Assign each trap a passive Perception DC to notice and an Investigation DC to understand the mechanism. Use the trap's description as your read-aloud text. On a failed save or trigger, apply the mechanical effect — damage, condition, or terrain change. Always telegraph that danger exists; hidden traps should feel fair, not arbitrary.
What difficulty should I pick for my dungeon?
Match difficulty to dungeon tone. Easy traps suit low-level areas or player-facing puzzles where failure is inconvenient rather than lethal. Medium traps work well for mid-dungeon tension. Hard and deadly traps belong in high-stakes vaults, boss antechambers, or specifically lethal dungeon types. Mixing two difficulty tiers in one dungeon creates satisfying rhythm.
Can I use these traps in Pathfinder or OSR systems?
Yes. The output is system-neutral by design. For Pathfinder 2e, convert damage to the appropriate die and assign a relevant skill for detection. For OSR games, use a standard saving throw and keep the description as flavor. The mechanical logic translates cleanly to any d20-based or roll-under system.
How many traps should a dungeon have?
A good rule of thumb is one to two traps per major room or corridor section, with denser clusters near treasure vaults or boss areas. Too many traps in a row fatigue players; too few and they stop checking. Generating three to five per dungeon zone and selecting your favorites keeps things fresh without overwhelming the session.
How do players detect and disarm dungeon traps?
In D&D 5e, a Perception check (passive or active) spots a trap, an Investigation check reveals how it works, and a Thieves' Tools check disarms it. The generator includes a detection hint for each trap — use that as the specific detail a player notices on a successful check. Always reward clever roleplay solutions alongside mechanical ones.

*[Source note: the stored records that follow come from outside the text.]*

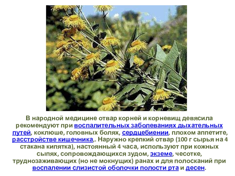 Слайд 8В народной медицине отвар корней и корневищ девясила рекомендуют при воспалительных
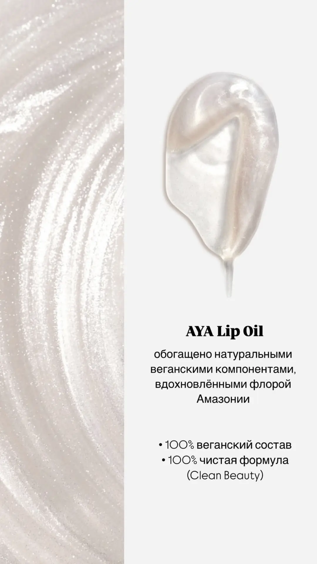 Сияние, которое невозможно не заметить🩵 Любимое масло AYA сияет лёгким жемчужным переливом, создавая эффект «поцелованных светом» губ. Кстати, это наш хит продаж. Как вам?
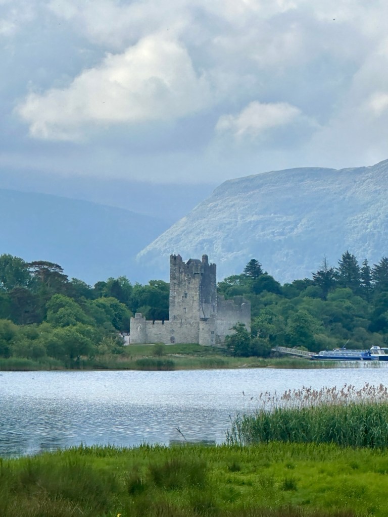 Our destination was Ross Castle, a striking 15th-century fortress built around 1410 by the O’Donoghue clan. The castle sits right on the edge of the lake, and legend has it that O’Donoghue himself still sleeps beneath the waters, occasionally rising on his white horse to circle the lake at sunrise. The castle’s sturdy stone towers and thick walls offer a glimpse into medieval Ireland — and it’s easy to imagine knights, clans, and battles from centuries long past.

Can traps be used as puzzles instead of damage sources?
Absolutely. Many of the best traps involve no direct damage — a sealed door that only opens when weight is distributed correctly, or a room that slowly fills with water. These create problem-solving encounters that engage non-combat players. Filter for easier difficulties and look for results with conditional triggers or multi-step mechanisms.
How do I make traps feel like they belong in the dungeon's lore?
Ask who built the dungeon and why. A dwarven tomb uses precision mechanical traps; a lich's lair uses magical wards and negative energy. Take a generated trap and swap its material or damage type to match the faction. The trigger logic and detection DC stay the same — the flavor changes everything.